Title: | Testing Neighbor Effects in Marker-Based Regressions |
Version: | 1.2.5 |
Description: | To incorporate neighbor genotypic identity into genome-wide association studies, the package provides a set of functions for variation partitioning and association mapping.

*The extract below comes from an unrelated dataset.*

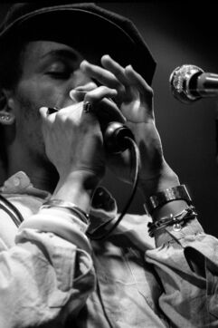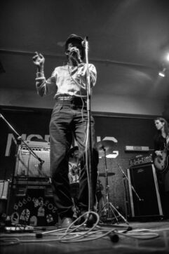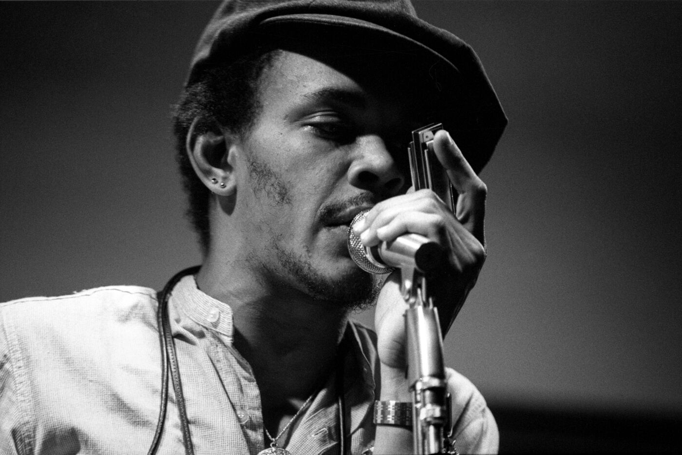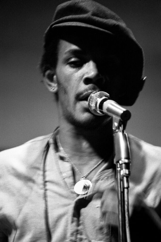 Afro-American harmonica player Sugar Blue in concert with his band at the New Morning jazz club in Geneva, Switzerland, in March 1981 (date unknown). Sugar Blue studied the blues in Chicago with Muddy Waters, Johnny Shines and Lousiana Red. He moved to France in the late 1970s on the advice of Memphis Slim, who had settled in Paris. He is best known for playing the harmonica intro to Miss You on the Rolling Stones' album Some Girls (1978).

The theoretical background of the method is described in Sato et al. (2021) <doi:10.1038/s41437-020-00401-w>. |
License: | GPL-3 |
Encoding: | UTF-8 |
RoxygenNote: | 7.3.2 |
Maintainer: | Yasuhiro Sato <sato.yasuhiro.36c@kyoto-u.jp> |
Suggests: | knitr, rmarkdown, testthat |
VignetteBuilder: | knitr |
Imports: | gaston, Matrix, RcppParallel, stats, graphics |
NeedsCompilation: | no |
Packaged: | 2025-04-23 03:18:03 UTC; yasuhirosato |
Author: | Yasuhiro Sato |
Repository: | CRAN |
Date/Publication: | 2025-04-23 03:30:02 UTC |
rNeigborGWAS: Testing Neighbor Effects in Marker-based Regressions
Description
This package provides a set of functions to test neighbor effects in genome-wide association studies. The neighbor effects are estimated using the Ising model of ferromagnetism. See Sato et al. (2021) for motivation and modeling.
Details
The flow of neighbor GWAS consists of two steps, (i) variation partitioning and (ii) association mapping.

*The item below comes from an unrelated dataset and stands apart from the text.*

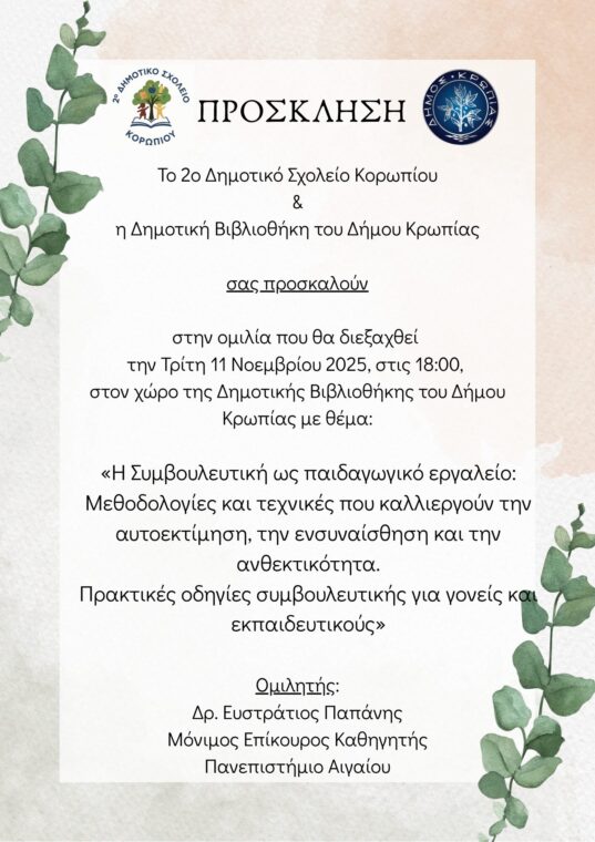 Το 2ο Δημοτικό Σχολείο Κορωπίου σε συνεργασία με την Δημοτική Βιβλιοθήκη Κορωπίου, με χαρά θα φιλοξενήσουν τον Δρ. Ευστράτιο Παπάνη, Μόνιμο Επίκουρο Καθηγητή Πανεπιστημίου Αιγαίου, σε μία ενδιαφέρουσα ομιλία, την

In the first step, we compute proportion of phenotypic variation explained by neighbor effects, and estimate their effective area.
In the second step, we test neighbor effects, and map their association score on a genome.
In addition to standard GWAS inputs, spatial information of individuals is required to run these analyses.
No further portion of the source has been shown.